The Mudcat Café TM
Thread #158878   Message #3890547
Posted By: Brian Peters
26-Nov-17 - 02:57 PM
Thread Name: folk process: tune evolution?
Subject: RE: folk process: tune evolution?
"I feel obligated to clear up a very common but extremely mistaken view that seems to be persisting here. In Biology "evolution" does not in any way imply "improvement" nor progression towards any higher form. That is simply not part of the theory as presently understood."

I think most participants here do understand that.

The conclusion of Sharp's 'pebble' analogy was that folksongs evolved towards a form "congenial to the taste of the community, and expressive of its feelings, aspirations, and ideals" which, as I suggested before, is in tune with the Darwinian idea of adaptiveness, with community taste acting as selection pressure. That, however, is the thing I feel will be the hardest to demonstrate, because of a lack of evidence of how rural singers and listeners of 100 or 200 years ago reacted to particular musical characteristics. We puzzle, for instance, over the fact that the most dreadful tales of tragedy or murder might be sung to the jauntiest of tunes. Again, modal tunes have always been popular in the folk revival partly if not mainly because they sound so different from the commercial music of the day, but we don't really know how singers in 1900 perceived the differences.   
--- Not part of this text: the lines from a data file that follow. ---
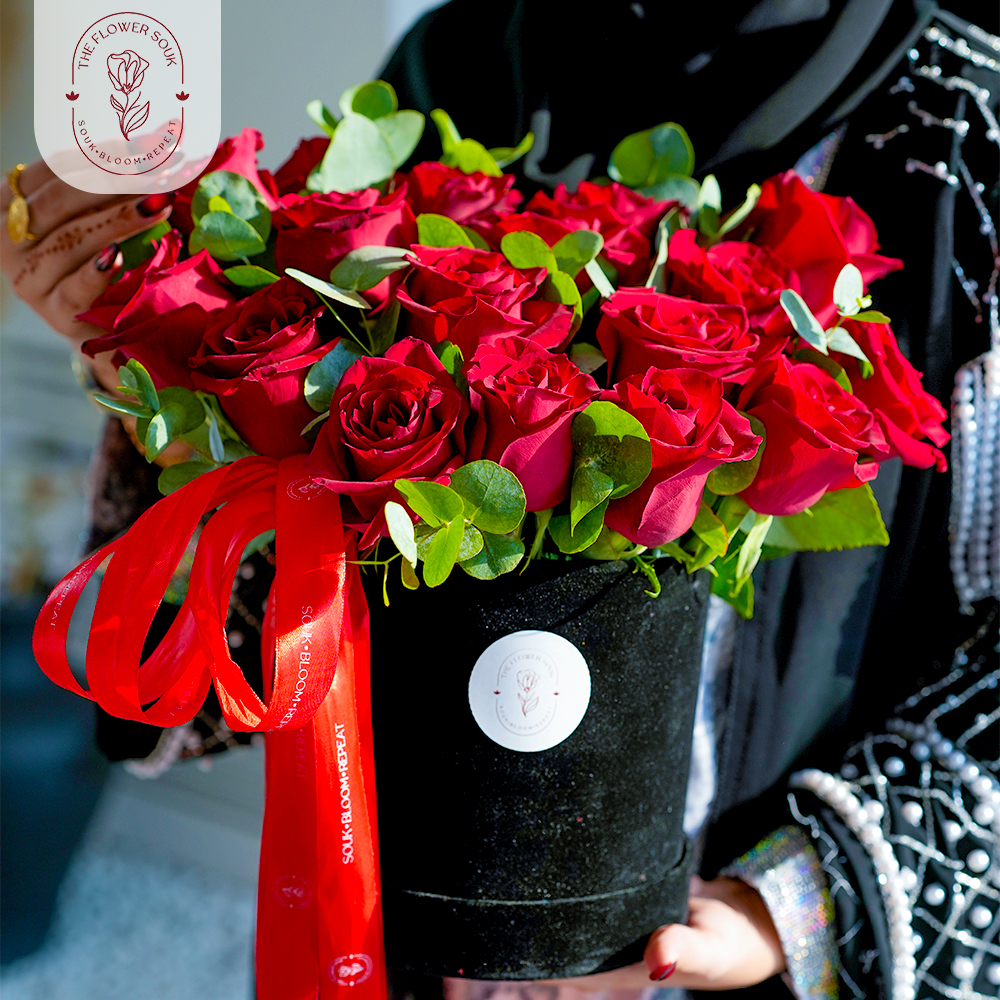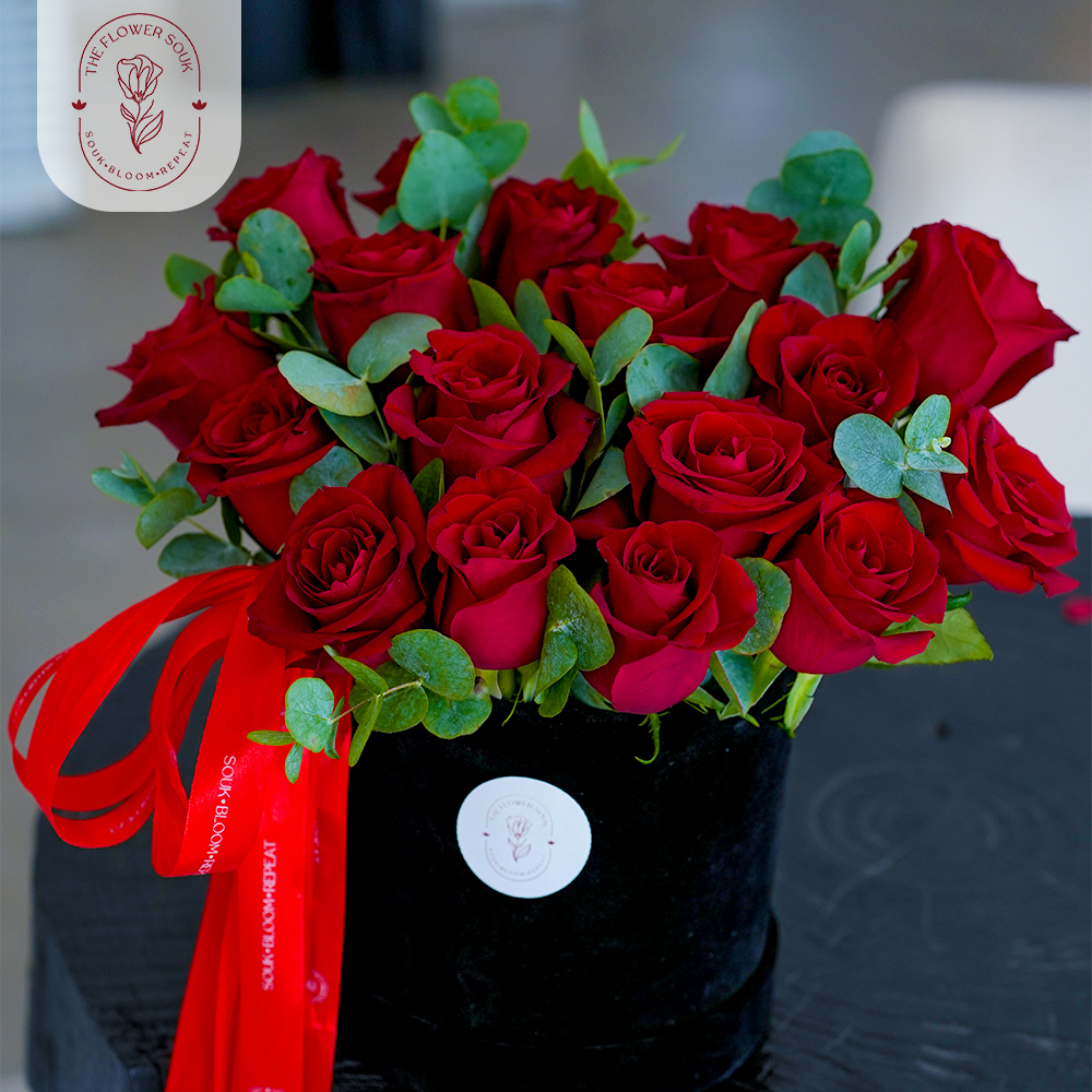 A luxurious arrangement of 20 deep red roses paired with fresh eucalyptus greenery, presented in a medium round black box with a bold ribbon. 🌹✨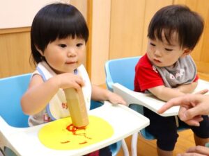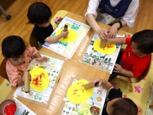 今日は絵の具を使ってスタンプ製作をしました作り方の説明を聞くと、上手にペタペタできていました🤗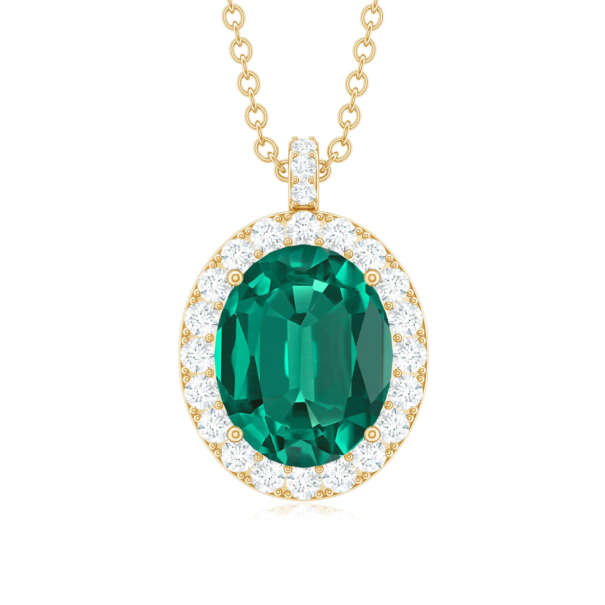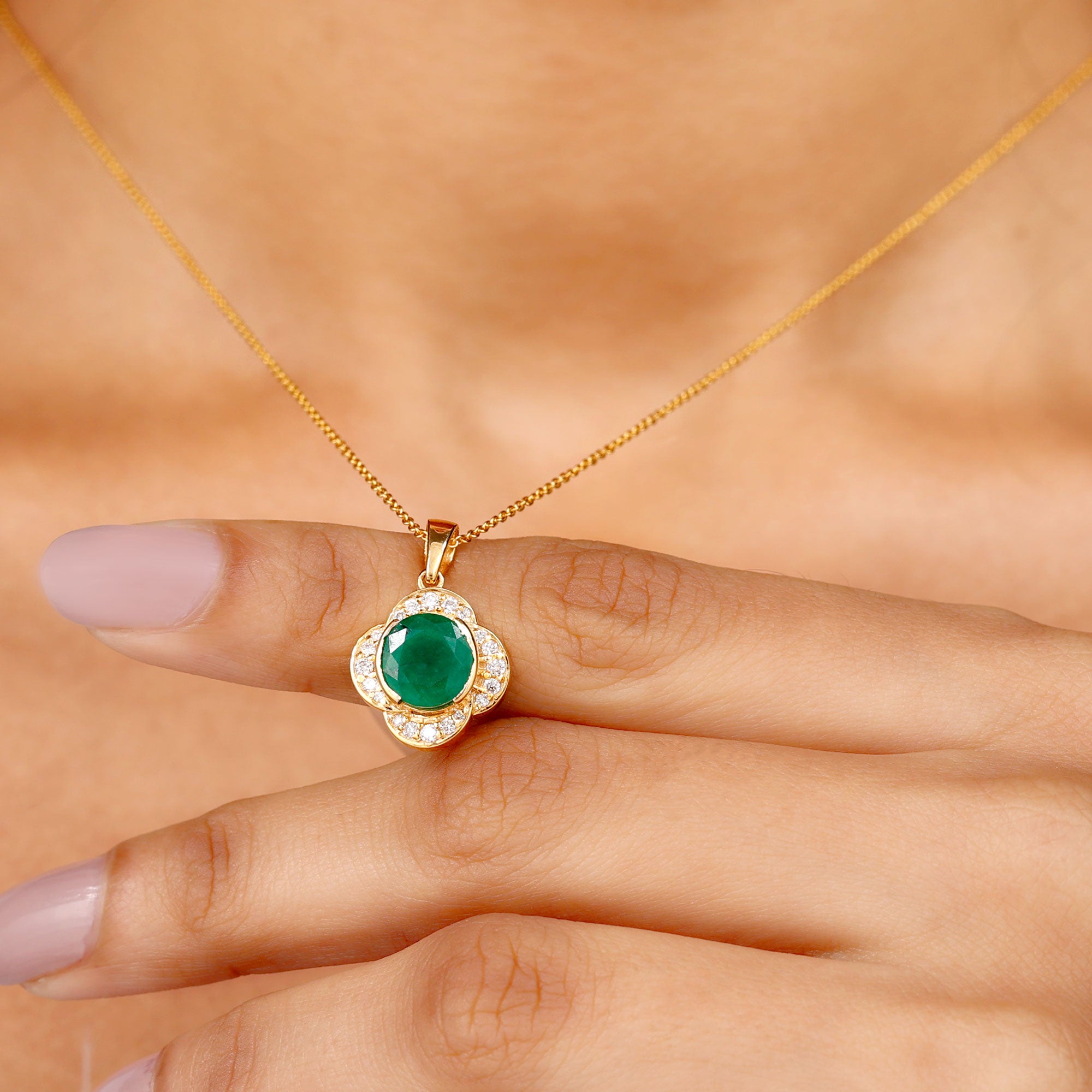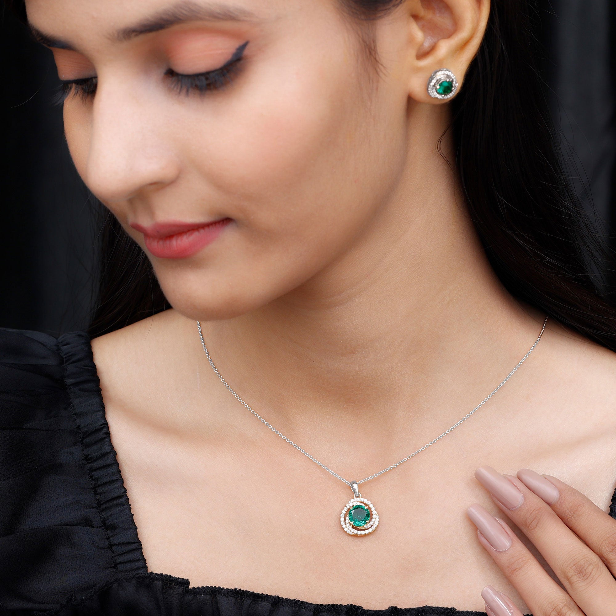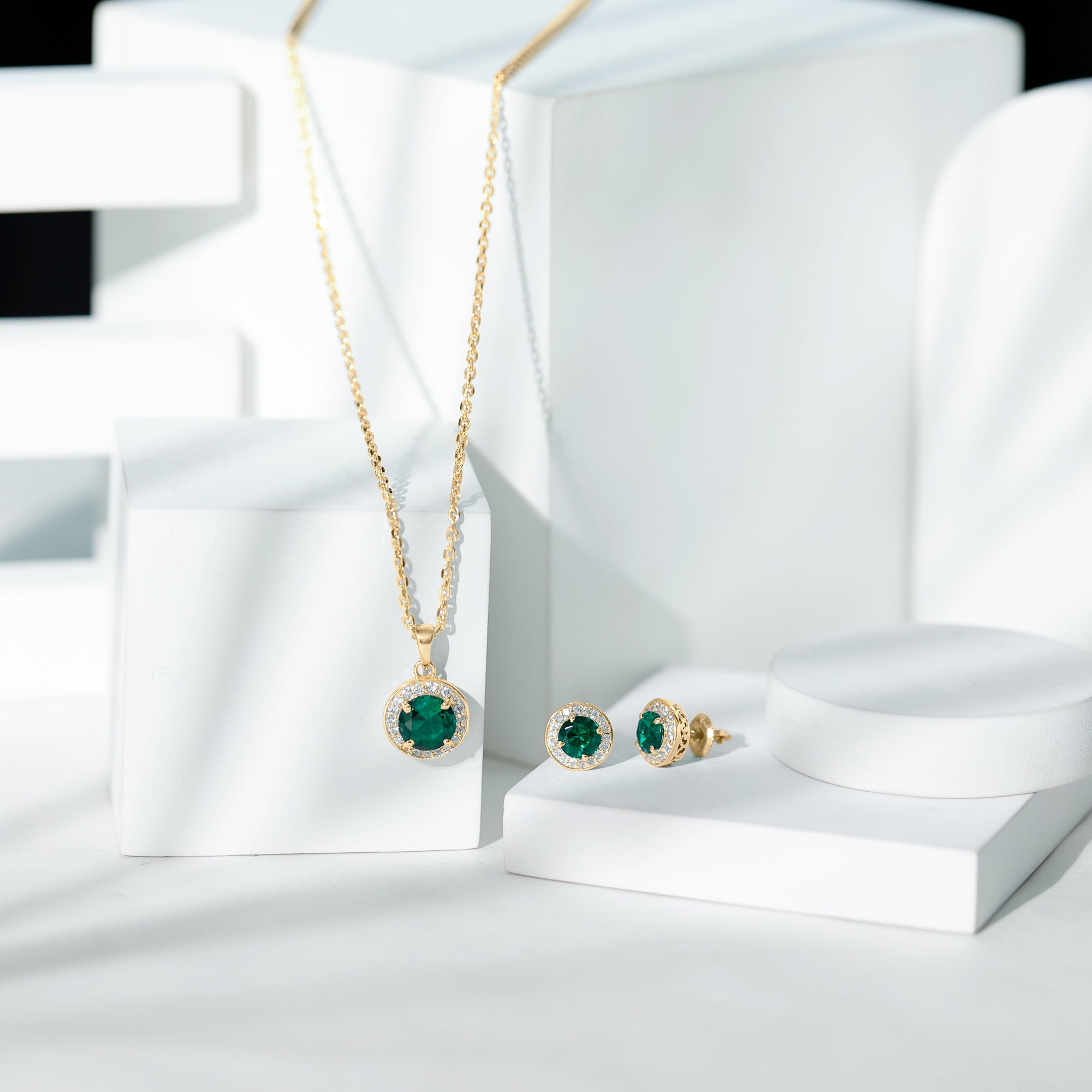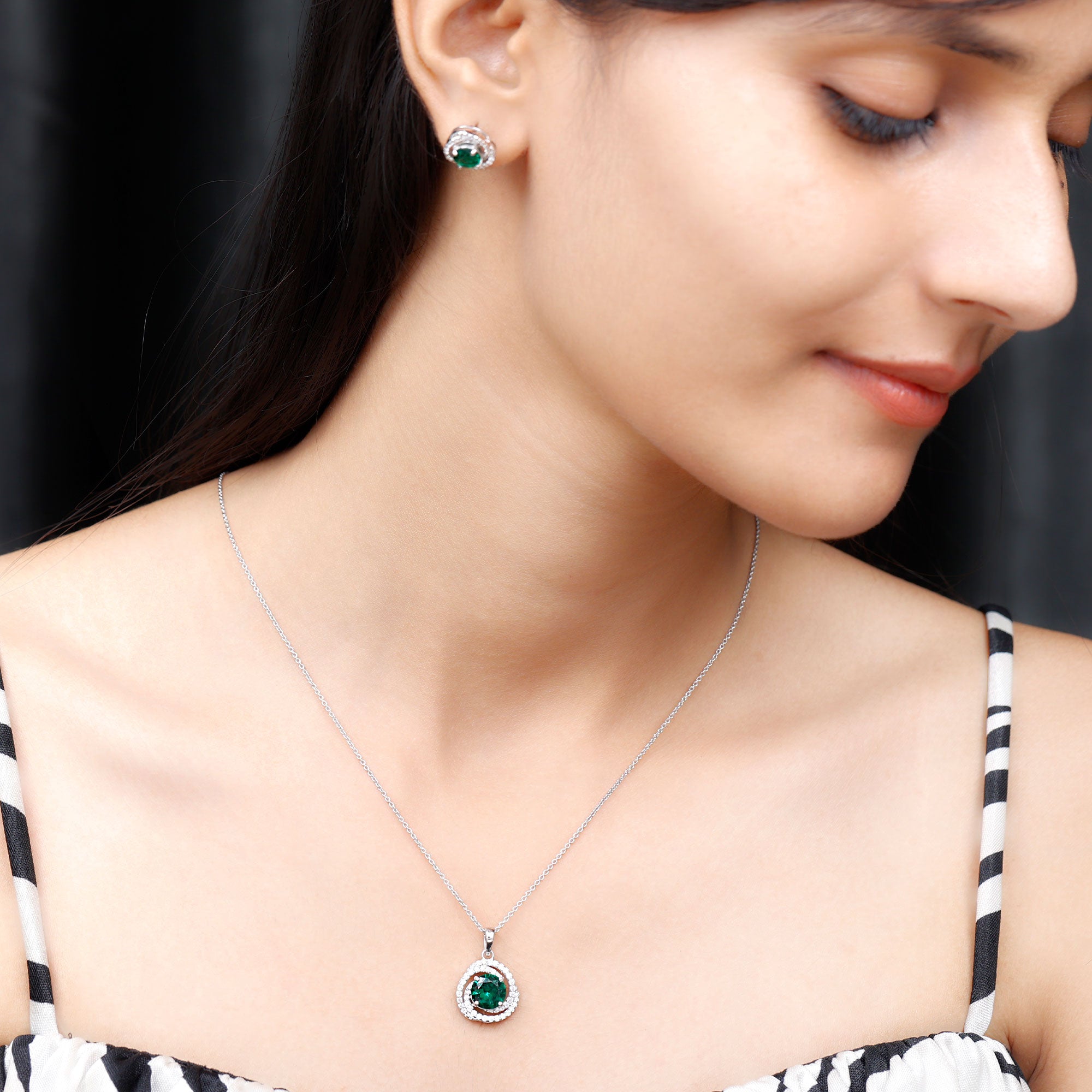 Created Emerald halo necklace design is all about a lab emerald gemstone in the center protected by small shining gemstones for added sparkle or colored gemstones for a more vibrant look. These stylish neck pieces can add a touch of glamour to any look.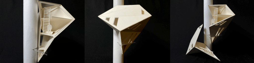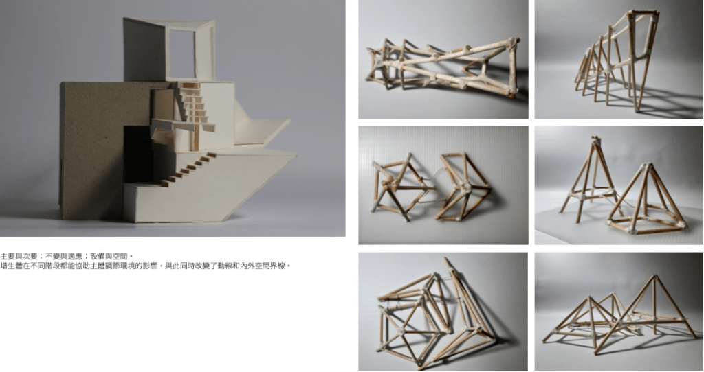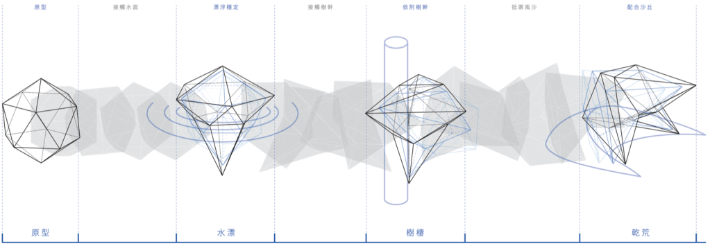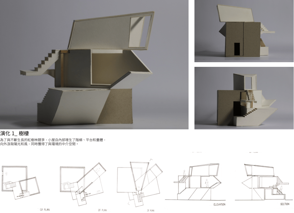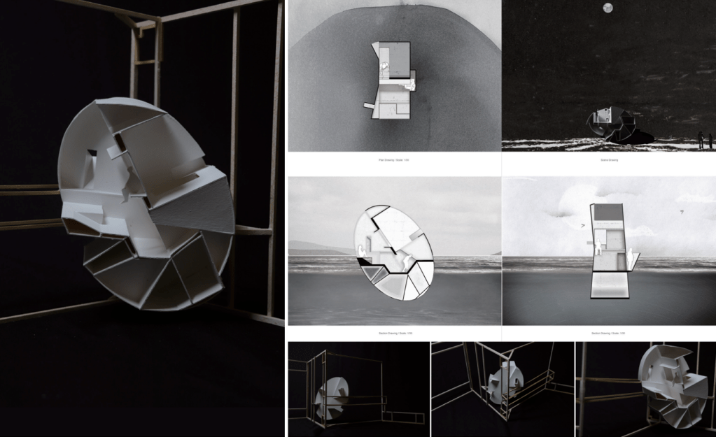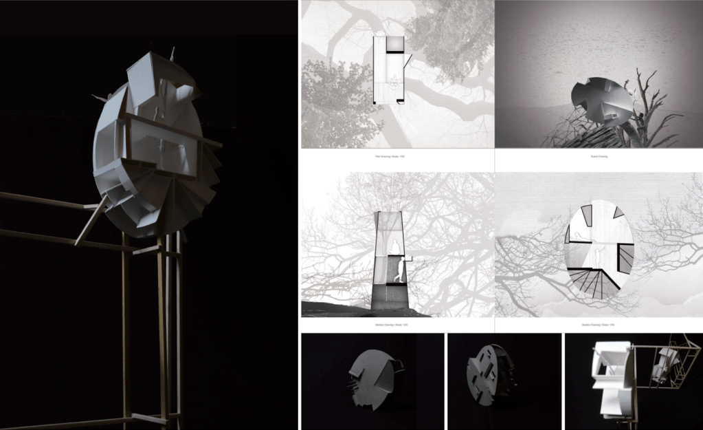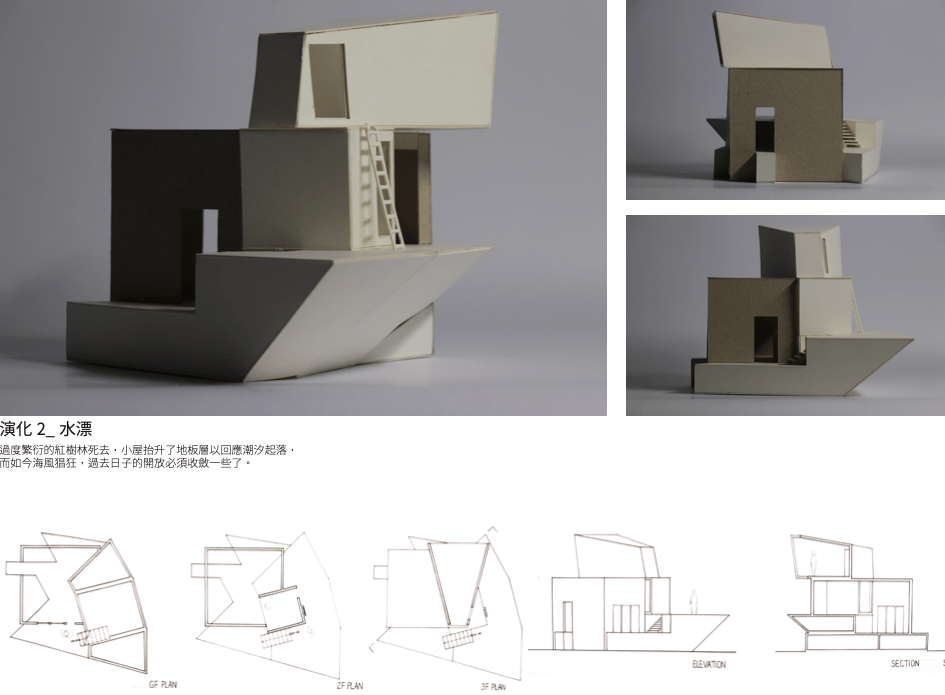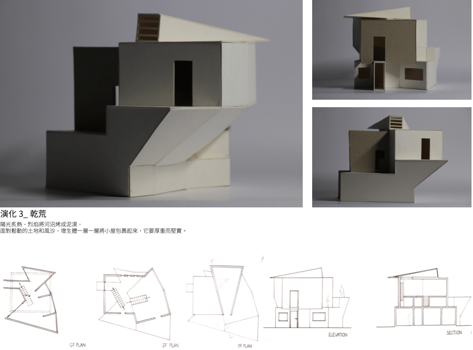 一群小屋,數世紀前來到草原,跡象顯示它們落腳前曾棲於大樹、歷經水漂與乾荒,每段為期不明,但估計都超過百年。 小屋當過好幾代人類或其他動物的居處;第一個發現它的人可能如獲至寶,繼承它的人在洪水來時不得不做點修繕或只好放棄它。漫長的生命裡被加上一些東西、掉了一些東西,也許也長了什麼、隱藏了什麼。 這個計畫邀請你提出想像,並佐證相對合理的建築知識來重建這批小屋的演化輪廓:推想出某種具通用效果或變異潛力(或變化便利性)的形式與構造,以滿足多狀態的生命史推測。

Sharp goes on: "Those tune-variations which appeal to the community, will be perpetuated as against those which attract the individual only. The nature of that appeal may be of two kinds. It may be an appeal to the sense of beauty i.e., aesthetic in character; or, it may be an appeal to the understanding, i.e., expressive in character."

Here he was suggesting (and, to be fair, he did admit that he was speculating) that aesthetics were a key adaptive characteristic, and thus the argument gets muddled with the very value judgements that you as a biologist want to steer clear of.

I don't disagree with any of your latest post, Pamela. Your paragraph beginning "Of course that's not the really interesting part of the conversation..." addresses exactly the kind of issues I've been trying to raise.